Return the lines of the listing below exactly as they appear, beginning at the one with "A black and" and stopping after the one with "鮮やかなグリーンのカットソー"; do not include pictures.

-- Stored data follows --

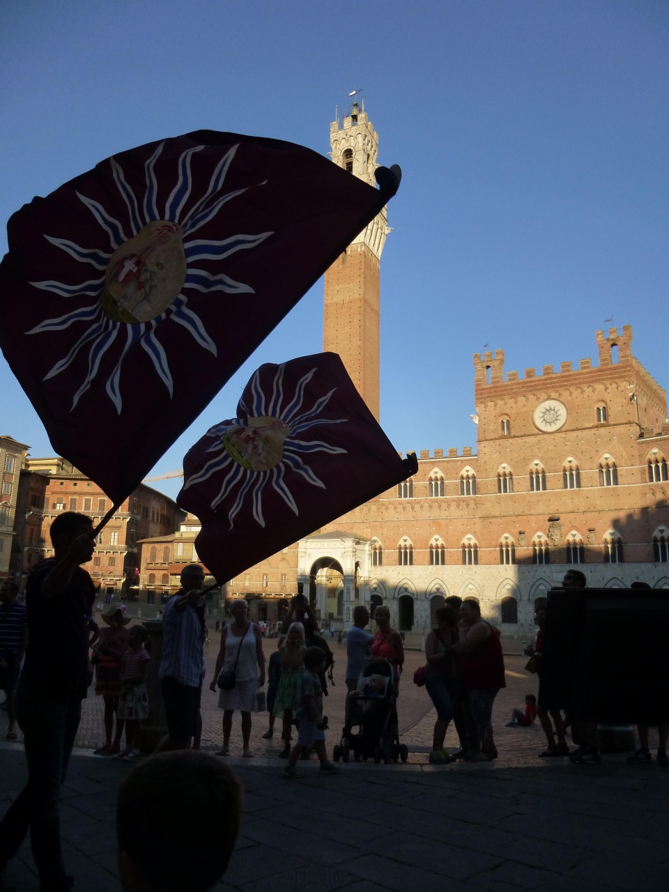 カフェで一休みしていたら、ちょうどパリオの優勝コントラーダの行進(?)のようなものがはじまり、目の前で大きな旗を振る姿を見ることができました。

-- Stored data concluded --
-- Stored data follows --

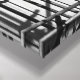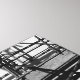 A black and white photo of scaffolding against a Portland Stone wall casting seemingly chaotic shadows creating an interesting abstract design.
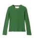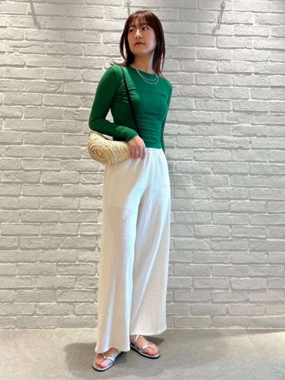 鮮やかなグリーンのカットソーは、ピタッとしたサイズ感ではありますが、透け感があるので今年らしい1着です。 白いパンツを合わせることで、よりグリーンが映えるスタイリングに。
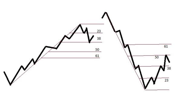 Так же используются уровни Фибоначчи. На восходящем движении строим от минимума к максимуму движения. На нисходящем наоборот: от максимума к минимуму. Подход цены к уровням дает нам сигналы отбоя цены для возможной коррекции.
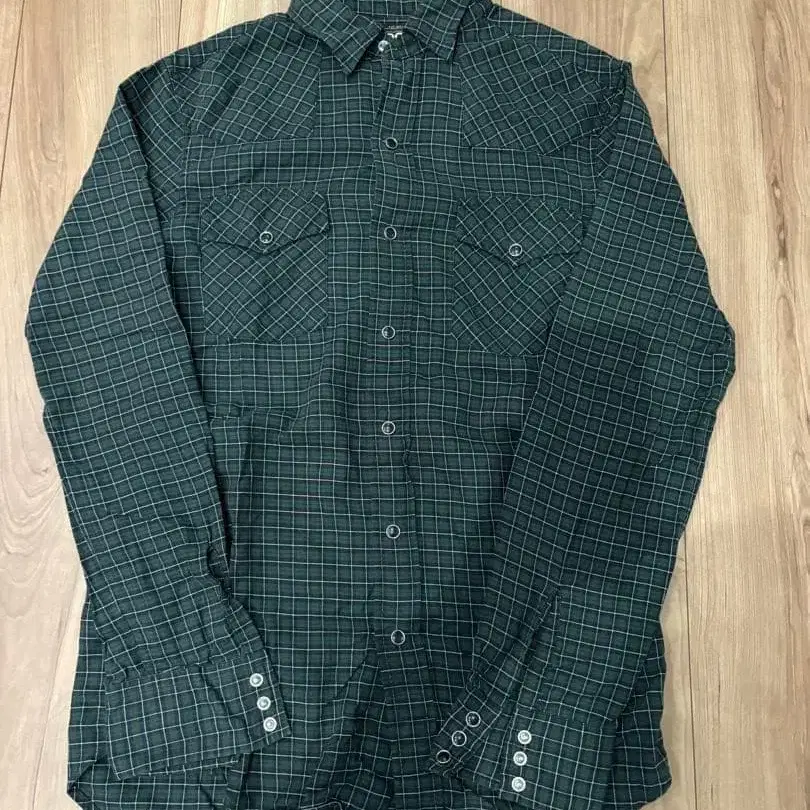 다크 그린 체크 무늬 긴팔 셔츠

-- Stored data concluded --
-- Stored data follows --

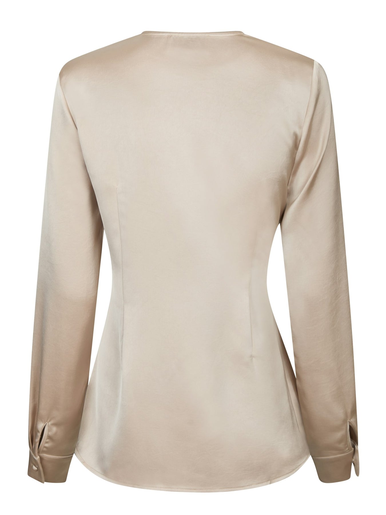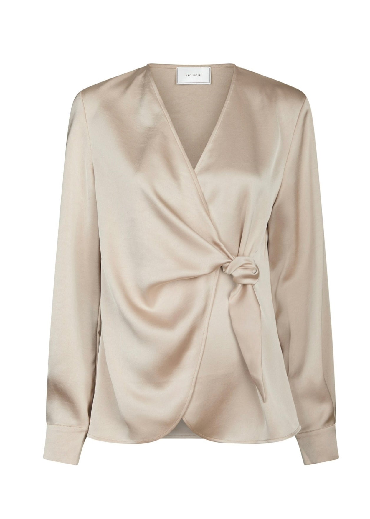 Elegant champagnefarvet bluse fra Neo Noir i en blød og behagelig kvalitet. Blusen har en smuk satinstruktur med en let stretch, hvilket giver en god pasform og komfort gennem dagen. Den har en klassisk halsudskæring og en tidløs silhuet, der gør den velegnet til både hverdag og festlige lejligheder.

-- Stored data concluded --

▶ _Solution_:
 A black and white photo of scaffolding against a Portland Stone wall casting seemingly chaotic shadows creating an interesting abstract design.
 鮮やかなグリーンのカットソーは、ピタッとしたサイズ感ではありますが、透け感があるので今年らしい1着です。 白いパンツを合わせることで、よりグリーンが映えるスタイリングに。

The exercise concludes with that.